PROVIDED DATA.

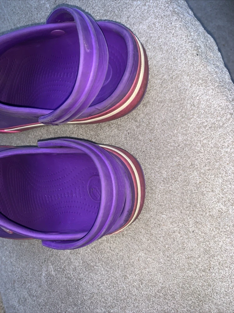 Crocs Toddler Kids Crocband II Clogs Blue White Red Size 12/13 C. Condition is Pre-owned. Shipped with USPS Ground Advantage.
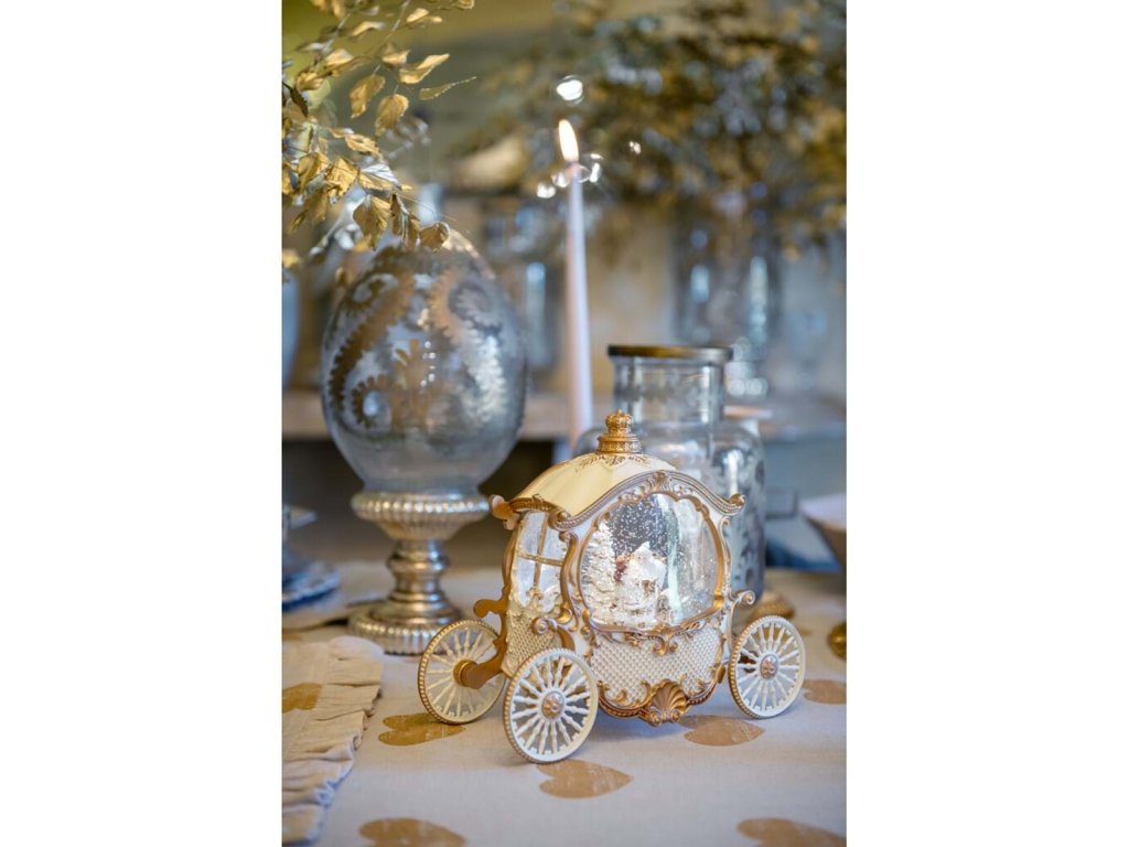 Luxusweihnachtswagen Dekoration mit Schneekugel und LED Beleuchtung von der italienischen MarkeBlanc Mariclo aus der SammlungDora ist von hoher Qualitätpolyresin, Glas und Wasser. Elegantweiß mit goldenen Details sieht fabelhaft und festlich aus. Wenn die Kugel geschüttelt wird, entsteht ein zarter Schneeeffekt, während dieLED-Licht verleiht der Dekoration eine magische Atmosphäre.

---

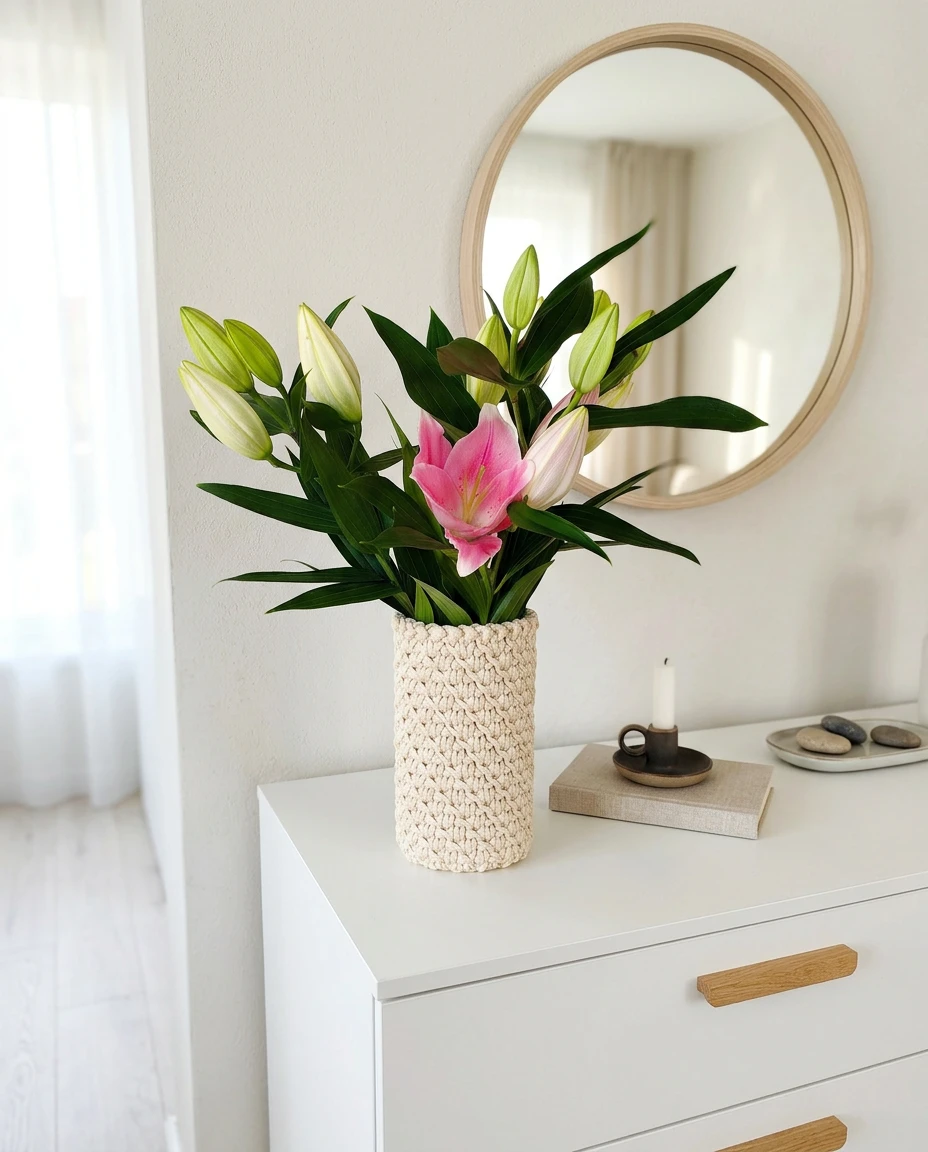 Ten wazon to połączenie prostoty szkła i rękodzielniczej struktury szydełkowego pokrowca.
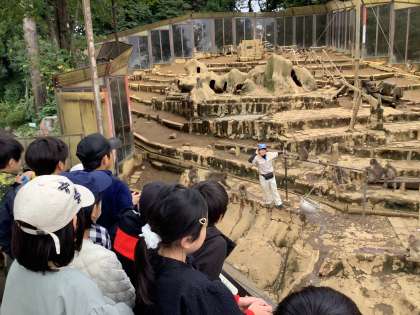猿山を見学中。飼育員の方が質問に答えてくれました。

EXERCISE.
Return, exactly as they stand, the lines above from the one with "Crocs Toddler Kids" to the one with "Luxusweihnachtswagen Dekoration mit", omitting any pictures among them.

EXERCISE RESULT.
 Crocs Toddler Kids Crocband II Clogs Blue White Red Size 12/13 C. Condition is Pre-owned. Shipped with USPS Ground Advantage.
 Luxusweihnachtswagen Dekoration mit Schneekugel und LED Beleuchtung von der italienischen MarkeBlanc Mariclo aus der SammlungDora ist von hoher Qualitätpolyresin, Glas und Wasser. Elegantweiß mit goldenen Details sieht fabelhaft und festlich aus. Wenn die Kugel geschüttelt wird, entsteht ein zarter Schneeeffekt, während dieLED-Licht verleiht der Dekoration eine magische Atmosphäre.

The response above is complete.